À l’époque classique, la distinction fait l’objet d’un débat sur la nature du point. Voir Blay Michel, Les raisons de l’infini, Paris, Gallimard, 1993, p. 135 sq. Selon Hobbes, dans le De Corpore, le point garde une extension, non comme un indivisible qui a une quantité nulle, mais comme un indivisé, ce dont on ne considère pas la quantité. Un point est chose divisible, mais pas une chose dont les parties doivent être prises en compte dans une démonstration.

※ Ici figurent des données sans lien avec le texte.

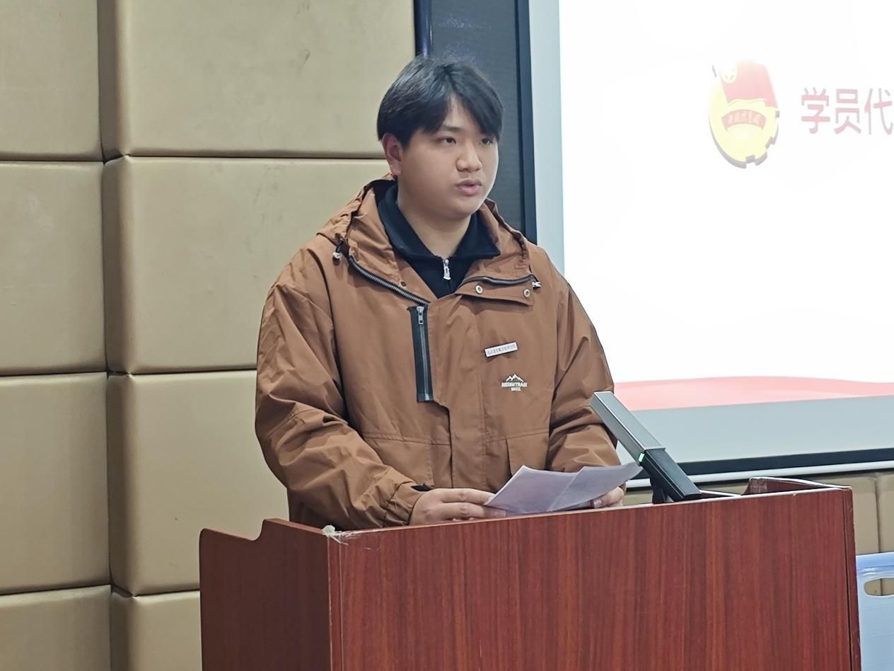 学员代表谢峙桓同学以饱满的热情表达了对团组织的热切向往,并代表全体入团积极分子郑重承诺:“团课不仅是学习的机会,更是自我成长的舞台。我们将以最认真的态度投入每一节课,以更加饱满的热情、更加坚定的信念、更加扎实的行动,投身到团组织的怀抱中!”
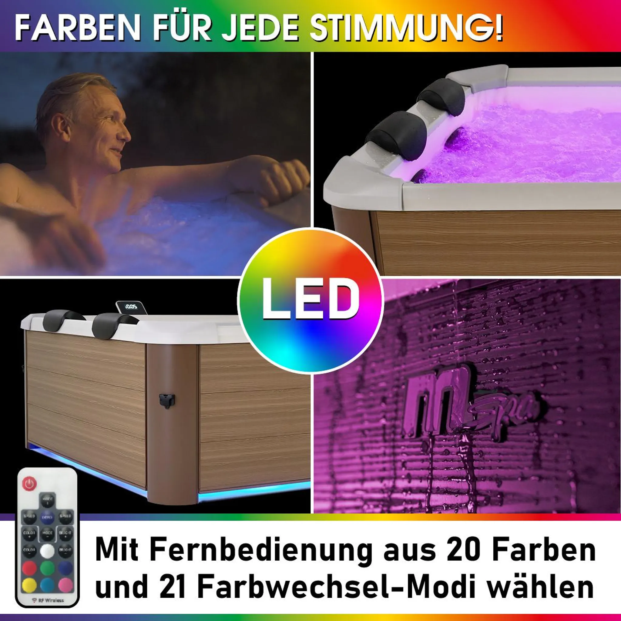 • Wohltuende Entspannung: Erleben Sie ein exklusives Wellness-Erlebnis mit unserem Garten Whirlpool OSLO AMBER mit LED-Beleuchtung und 4 integrierten Sitz-, Nacken- & Rückenkissen. Wählen Sie aus 20 Farben & 21 Farbwechsel-Modi und stellen Sie die Wassertemperatur bis 40°C nach Belieben ein. Dieser Mspa Whirlpool gehört zu den Leisesten weltweit und verwöhnt Sie mit 120 Luftsprudel-Massagedüsen mit 3 einstellbaren Intensitäten & den 8 individuell ausricht- und regelbaren Warmwasser-Jet-Düsen

Leibniz va beaucoup plus loin dans cette direction : voir Gueroult Martial, Leibniz et la dynamique, p. 9. Les points, inextensa, ne sont pas sans parties ; ce ne sont pas des minima ; ils ont des parties indistantes, c’est-à-dire inassignables dans leur distance. Cela conduit Leibniz à définir des points plus grands que d’autres : p. 10.

 

De ces deux infinis des sciences celui de grandeur est bien plus sensible, et c’est pourquoi il est arrivé à peu de personnes de prétendre à traiter toutes choses. Je vais parler de tout, disait Démocrite.

 

Montaigne, Essais, II, 12, Apologie de Raymond Sebond, éd. Balsamo et alii, p. 515 : « Impudence est cette promesse du livre de Democritus : Je m’en vais parler de toutes choses ». D’après Cicéron, Premiers académiques, II, 23 : « Quid loquar de Democrito ? Quem cum eo conferre possumus non magno ingenii magitudine, sed etiam animi ? qui ita sit ausus ordiri, Haec loquor de universis. Nihil excipit, de quo non profitatur. Quid enim esse potest extra universa ? ». Référence in Havet, éd. des Pensées, I, p. 4.

 

mais outre que c’est peu d’en parler simplement, sans prouver et connaître, il est néanmoins impossible de le faire, la multitude infinie des choses nous étant si cachée que tout ce que nous pouvons exprimer par paroles ou par pensées n’en est qu’un trait invisible. (texte barré verticalement)

On voit d’une première vue que l’arithmétique seule fournit des propriétés sans nombre, et chaque science de même. (texte barré verticalement)

 

Voir plus haut la référence à la Préface au traité du vide, OC II, éd. J. Mesnard, p. 779.